**Dataset section:**
────

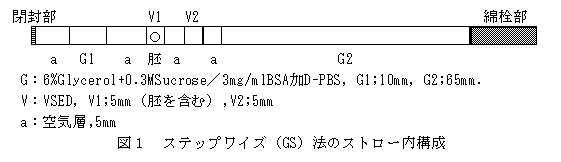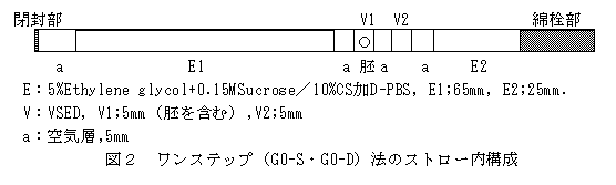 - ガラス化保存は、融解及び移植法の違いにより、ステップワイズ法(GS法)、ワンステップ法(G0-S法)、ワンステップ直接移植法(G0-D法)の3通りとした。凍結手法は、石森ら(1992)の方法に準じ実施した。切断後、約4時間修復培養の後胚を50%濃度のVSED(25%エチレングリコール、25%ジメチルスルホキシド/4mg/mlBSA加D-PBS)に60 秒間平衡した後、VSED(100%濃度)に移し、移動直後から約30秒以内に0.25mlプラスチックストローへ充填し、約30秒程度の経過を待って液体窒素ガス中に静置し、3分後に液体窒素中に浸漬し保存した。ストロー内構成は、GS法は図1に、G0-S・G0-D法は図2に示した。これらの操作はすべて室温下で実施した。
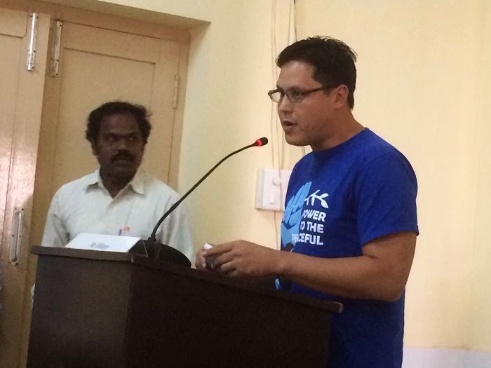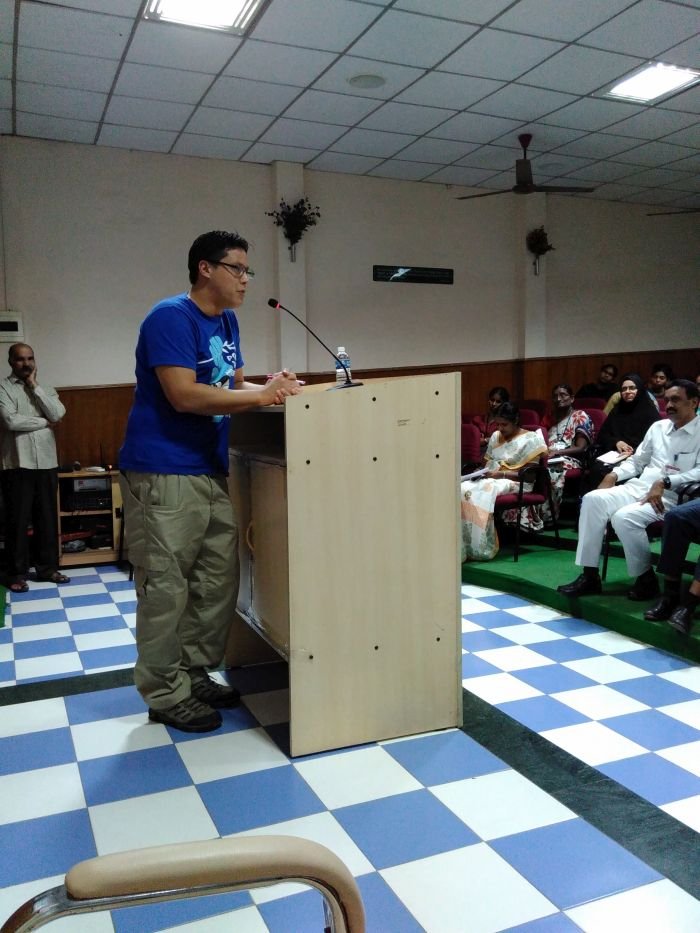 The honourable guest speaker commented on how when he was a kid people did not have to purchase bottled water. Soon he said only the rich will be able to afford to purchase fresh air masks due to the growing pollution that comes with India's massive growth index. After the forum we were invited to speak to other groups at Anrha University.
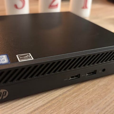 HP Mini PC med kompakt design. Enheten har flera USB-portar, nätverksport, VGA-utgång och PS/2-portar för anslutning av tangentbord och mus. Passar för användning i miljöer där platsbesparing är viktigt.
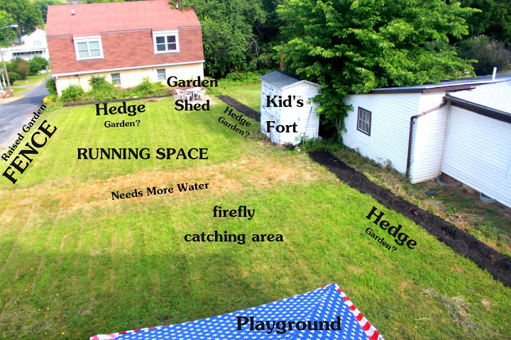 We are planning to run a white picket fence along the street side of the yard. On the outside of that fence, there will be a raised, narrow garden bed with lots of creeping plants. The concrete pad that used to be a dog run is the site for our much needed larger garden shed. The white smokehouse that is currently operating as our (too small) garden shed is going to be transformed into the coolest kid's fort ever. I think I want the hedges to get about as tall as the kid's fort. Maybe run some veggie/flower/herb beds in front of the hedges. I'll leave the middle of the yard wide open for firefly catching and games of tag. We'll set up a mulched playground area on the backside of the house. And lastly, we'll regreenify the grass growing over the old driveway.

────

**How to complete this task:**
The answer must consist solely of the lines from the one with "HP Mini PC med" through the final line of the data, each reproduced exactly and with pictures omitted.

**Solution:**
 HP Mini PC med kompakt design. Enheten har flera USB-portar, nätverksport, VGA-utgång och PS/2-portar för anslutning av tangentbord och mus. Passar för användning i miljöer där platsbesparing är viktigt.
 We are planning to run a white picket fence along the street side of the yard. On the outside of that fence, there will be a raised, narrow garden bed with lots of creeping plants. The concrete pad that used to be a dog run is the site for our much needed larger garden shed. The white smokehouse that is currently operating as our (too small) garden shed is going to be transformed into the coolest kid's fort ever. I think I want the hedges to get about as tall as the kid's fort. Maybe run some veggie/flower/herb beds in front of the hedges. I'll leave the middle of the yard wide open for firefly catching and games of tag. We'll set up a mulched playground area on the backside of the house. And lastly, we'll regreenify the grass growing over the old driveway.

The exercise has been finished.